The data
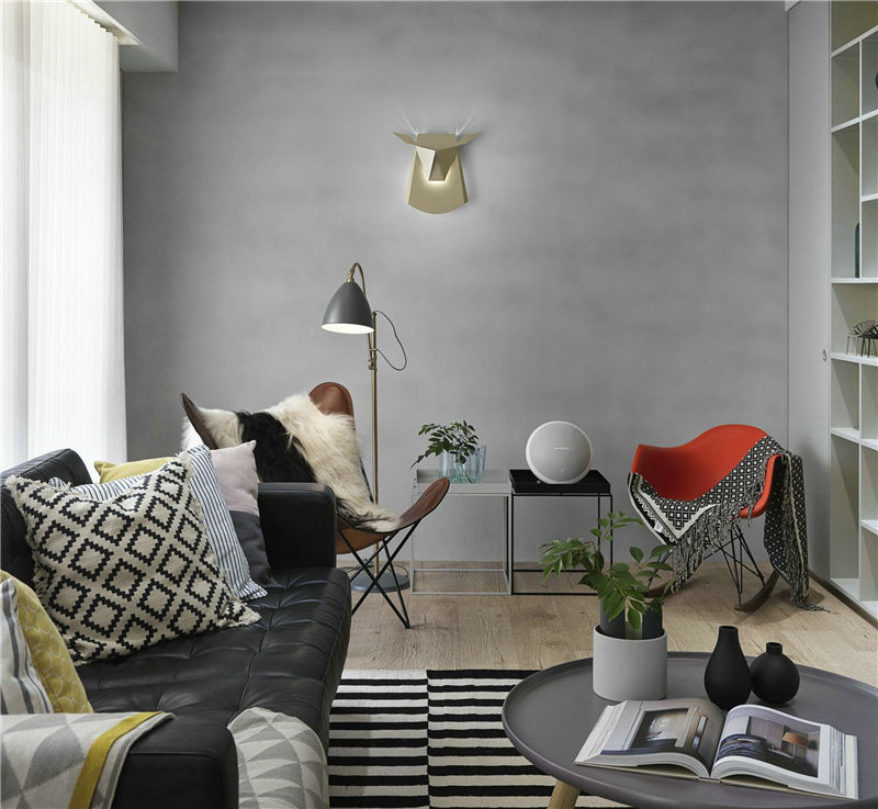 在墙角的设计是亮点,一把皮质蝴蝶椅,一把伊姆斯椅,工作之余可以在这里舒服的阅读、闲谈。墙面上金色鹿角壁灯,画龙点睛,空间更加靓丽。
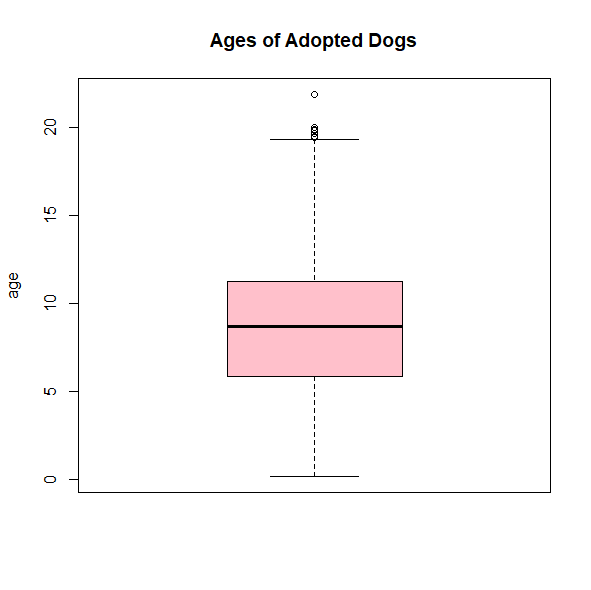 boxplot(dogs$age, main="Ages of Adopted Dogs", ylab="age", col="pink")
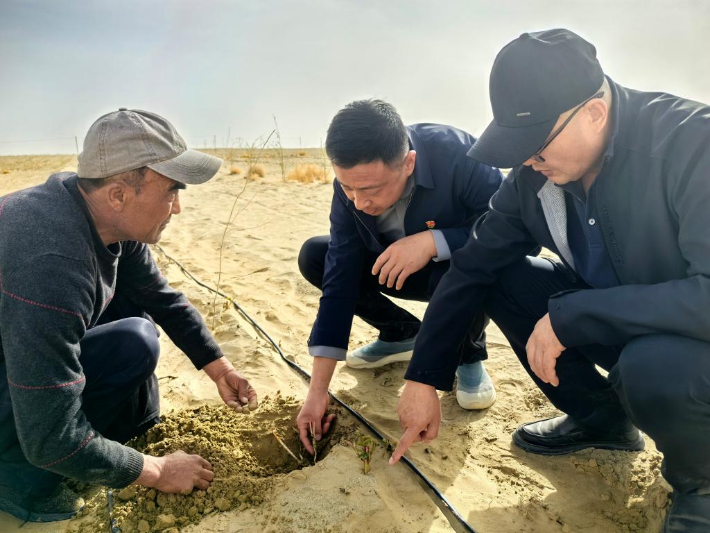 3月31日,特色园艺作物引育及栽培团队研究员蔺国仓、正高级农艺师孙美乐一行,深入于田县阿热勒乡沙产业基地,走进万亩玫瑰种植现场,围绕栽苗定植、滴水施肥、防风管护三大关键环节开展专项技术指导,推动防沙治沙与科学种植深度融合,切实把生态保护和产业发展落到实处。
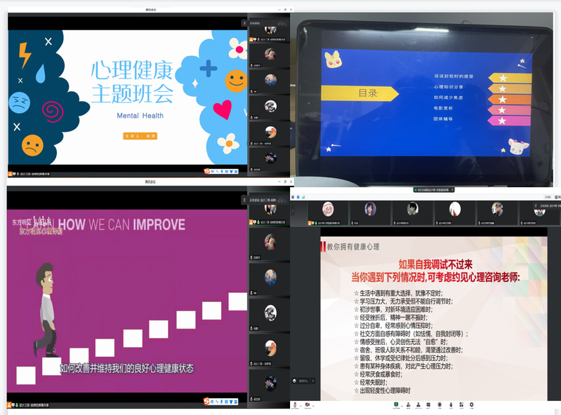 各班以学生疫情常态下产生的心理焦虑、不安等情绪为主题,通过科普心理健康知识、线上观看电影、线上互相倾诉、团体活动等形式,积极引导学生转变心态,学会正视自我情绪与转变内心压力,正确看待和接纳自己心理状态,学习如何在疫情中提高心理免疫力,增加心理韧性,进行自我心理保健,提高自身心理免疫力。同时,各班心理委员积极鼓励同学们通过正确的方式与渠道来改变状态,真正地做到隔离不隔心,利用空白时间去提升自我,保持积极乐观的心态。
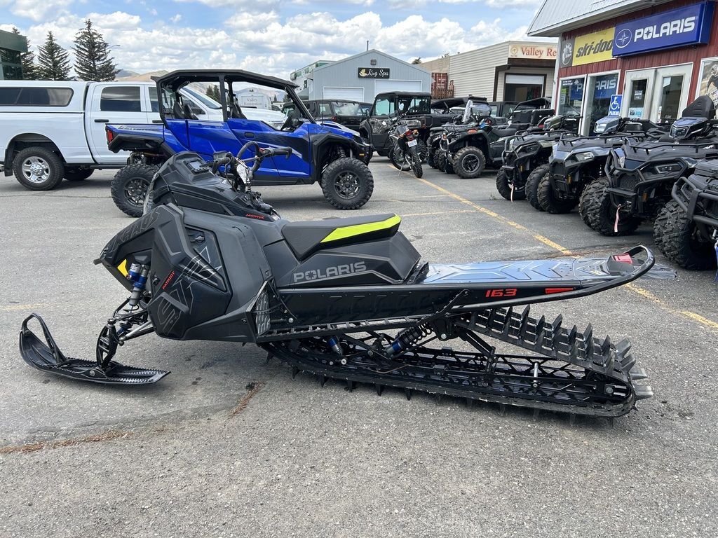 2023 Polaris® Patriot 9R RMK Khaos Slash 163 3"The World's Best All-Mountain SnowmobileFeatures may include:Ultimate LiftThe Matryx Slash features a lightweight, tapered tunnel delivering unrivaled traction and lift in all conditions.RMK React SuspensionThe RMK React Suspension provides riders with the most precise and effortless ride in the deep snow. Effortlessly initiate sidehills and experience less fatigue with the most predictable ride. It includes a 36"-38" stance, a sway bar designed for predictable handling, and forged a-arms and spindles optimized for strength and durability.RMK Khaos Rear SuspensionThe new rear suspension geometry provides transfer and traction for light handling and control and the best response in all riding zones.Ultimate ControlThe slashed and tapered tunnel features drastically improved snow clearance, minimizing drag and maximizing control on the most insane slopes. A new centralized, lightweight cooling system, bonded carbonfibre and aluminum-forged components significantly cut the real-world weight of the sled, maintaining the highest level of flickability and delivering class-leading power to weight ratio.Centralized Cooling SystemThe lightweight cooling system reduces ice and snow build up, working with the short, tapered tunnel. Not only is the dry weight reduced, the real world weight of the sled through the snow is reduced.7S DisplayPlan, track, and share your ride with the industry-leading 7S Display with Ride Command Technology. The 7-inch glove touch display is purpose bulit for snowmobiles, with on board diagnostics, trail maps, points of interest, and vehicle to vehicle Group Ride technology to see your ride group with or without cell coverage.Walker Evans Racing SuspensionThe RMK Khaos Sash is equipped with premium Walker Evans Racing Velocity shocks for the best of the best in various mountain conditions. Complete adjustability to dial in the ride with high and low speed compression adjustment.

What you are asked to do
Pictures are to be dropped; the lines from the start of the entries above through the line with "各班以学生疫情常态下产生的心" are to be given again verbatim.

Solution
 在墙角的设计是亮点,一把皮质蝴蝶椅,一把伊姆斯椅,工作之余可以在这里舒服的阅读、闲谈。墙面上金色鹿角壁灯,画龙点睛,空间更加靓丽。
 boxplot(dogs$age, main="Ages of Adopted Dogs", ylab="age", col="pink")
 3月31日,特色园艺作物引育及栽培团队研究员蔺国仓、正高级农艺师孙美乐一行,深入于田县阿热勒乡沙产业基地,走进万亩玫瑰种植现场,围绕栽苗定植、滴水施肥、防风管护三大关键环节开展专项技术指导,推动防沙治沙与科学种植深度融合,切实把生态保护和产业发展落到实处。
 各班以学生疫情常态下产生的心理焦虑、不安等情绪为主题,通过科普心理健康知识、线上观看电影、线上互相倾诉、团体活动等形式,积极引导学生转变心态,学会正视自我情绪与转变内心压力,正确看待和接纳自己心理状态,学习如何在疫情中提高心理免疫力,增加心理韧性,进行自我心理保健,提高自身心理免疫力。同时,各班心理委员积极鼓励同学们通过正确的方式与渠道来改变状态,真正地做到隔离不隔心,利用空白时间去提升自我,保持积极乐观的心态。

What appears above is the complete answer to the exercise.